Thanks, yeah, I wasn't aware of the fst crate or that particular blog post of yours it's based on. Looks really useful for this use case indeed. I had looked into prefix trees/tries but deserializing them at runtime turned out too slow, at least in the naive ways.

1 Like

Yes, the fst crate uses an in-memory representation that is equivalent to its serialization format.

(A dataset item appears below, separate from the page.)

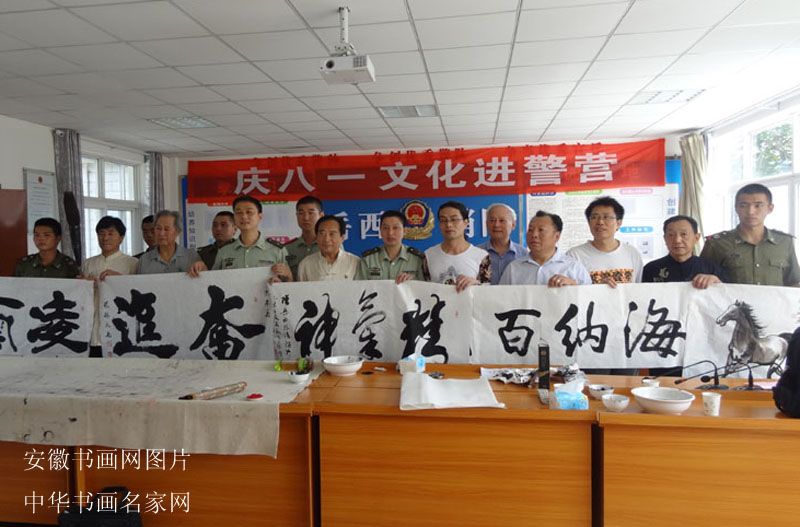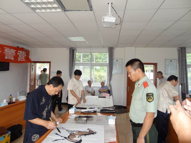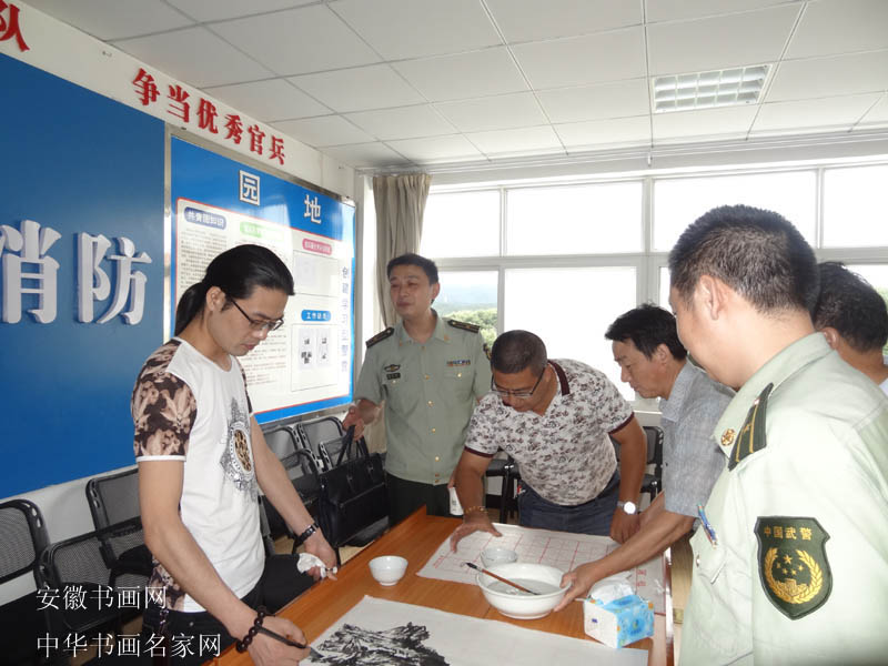 7月24日,“八一”建军节来临之际,受岳西爱心公益联盟的邀请,中国公益书画院9位艺术家走进岳西县消防大队,开展“文化进警营”活动。参加活动的有:全国十大书法家薛祥林大校,中华书画名家网总编、公益书画院执行秘书长何泽厚,岳西县宣传部副部长黄啸虎,公益书画院院长陆利兵,安徽翰墨艺术书画院常务副院长盛鲁平,“大笔王”康振民,中国国画院华东分院副院长梁大明及知名老艺术家杭献清、程端方等。 24日早上八点多,艺术家们不辞辛劳,在中国公益网负责人汪国保的带领下来到岳西县消防大队,岳西县消防大队教导员邦春华、大队长佘阿三代表全体官兵热烈欢迎。书画家们获知该消防大队2013年荣获“全国爱民模范集体”光荣称号后,主动把原计划两个小时的笔会延长了一个小时。 中国公益网书画院院长陆利兵表示,通过走进警营开展慰问活动,警营的特殊氛围深深感染了我们,激发了我们的创作灵感。希望我们有机会常来交流,为丰富战士们的精神文化生活、提升战士们文化素养,尽一份绵薄之力!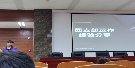 另外,来自机械1901班的六院优秀团支书代表龙鹏飞同学跟大家分享了他对团日活动的理解和流程规划,并且针对团员参与积极性、团日活动的时间交通安排等方面问题进行了具体详细地解答。

So deserialization is effectively free.

3 Likes

You couldn't find anything offline not because that problem doesn't exist but because both problem and solution are just so old. 20 or 30 years ago it was so well-know even just technical paper that just explains how dynamic libraries work discussed it and has a solution in attachment. And tools that were development back then usually use indexes into string.

But later… computers have become more powerful and people forgot about these tricks.

Surprisingly enough I never had a need to deal with this in Rust yet, but in C++ I just used string and parallel array of int's — indexes into a string. This works fine if your strings are long enough.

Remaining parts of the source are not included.